14. The apparatus of claim 13, wherein the pruning the model to be compressed to obtain a pruning model comprises:

15. The apparatus of claim 14, further comprising:

the network layer identification precision acquisition module is used for taking the full connection layer as a linear classifier and obtaining the identification precision of each neural network layer in the model to be compressed by using the linear classifier;

and the removing module is used for removing the neural network layer with the lowest identification precision in any two adjacent neural network layers if the difference value between the identification precisions of any two adjacent neural network layers in the model to be compressed is smaller than a preset difference value threshold.

16. The apparatus according to claim 15, wherein the using the fully-connected layer as a linear classifier to obtain the recognition accuracy of each neural network layer in the model to be compressed comprises:

17. The apparatus of claim 13, wherein labeling training data in the unlabeled training data set using the model to be compressed to obtain a training data set comprises:

18. The apparatus of claim 13, wherein the training the pruning model using the training data set to obtain a trained pruning model comprises:

19. The apparatus according to claim 13, wherein the quantizing the bit number of the weight parameter of each neural network layer in the trained pruning model from a first bit number to a second bit number, resulting in a high quantized pruning model, comprises;

and quantifying the activation function of the pruning model to obtain the high quantification pruning model.

20. The apparatus of claim 13, wherein the training of the high-level pruning model to obtain a trained high-level pruning model comprises:

21. The apparatus of claim 20, wherein the labeling training data in the unlabeled training data set using the pruning model to obtain a training data set comprises:

22. The apparatus of claim 20, wherein the training the high-quantization pruning model according to the loss function and the training data set to obtain a trained high-quantization pruning model comprises:

and if so, stopping training, otherwise, adjusting the parameters of the high-quantification pruning model, and performing next training until the loss function converges or the training times reach a preset training time threshold.

23. The apparatus of claim 22, further comprising:

and the inverse quantization module is configured to, if the training times reach the preset training time threshold and the loss function is not converged, increase the number of bits of at least one weight parameter in the high quantization pruning model from the second number of bits to the first number of bits with reference to the weight parameter of the neural network layer in the pruning model.

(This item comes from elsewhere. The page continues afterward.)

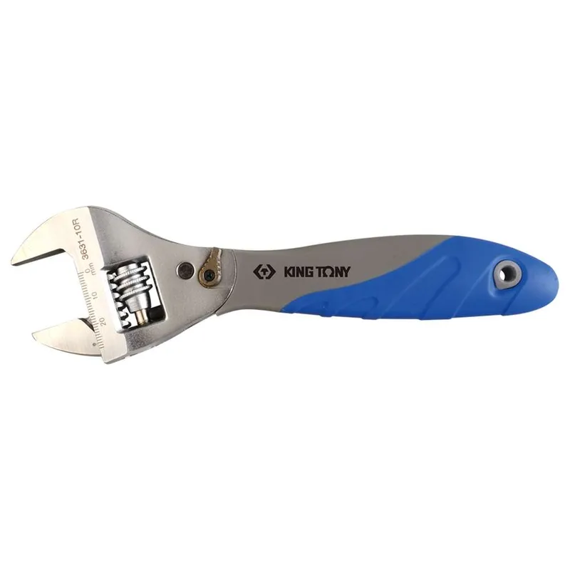 Ключ разводной KING TONY Chrome с трещоточным механизмом 250мм 3631-10R - удобен для работы с шестигранным крепежом различных размеров. Эргономичная рукоятка из мягкого материала удобно располагается в ладони пользователя без риска проскальзывания.

24. The apparatus of claim 19, wherein quantizing the weight parameters of each neural network layer in the pruning model from a first number of bits to a second number of bits comprises:

25. A chip, characterized in that,

the chip comprising the apparatus of any one of claims 13-24.

26. An electronic device comprising a memory and a processor; wherein the memory is configured to store one or more computer instructions, wherein the one or more computer instructions are executed by the processor to implement the method steps of any of claims 1-12.

27. A computer-readable storage medium having stored thereon computer instructions, characterized in that the computer instructions, when executed by a processor, implement the method steps of any of claims 1-12.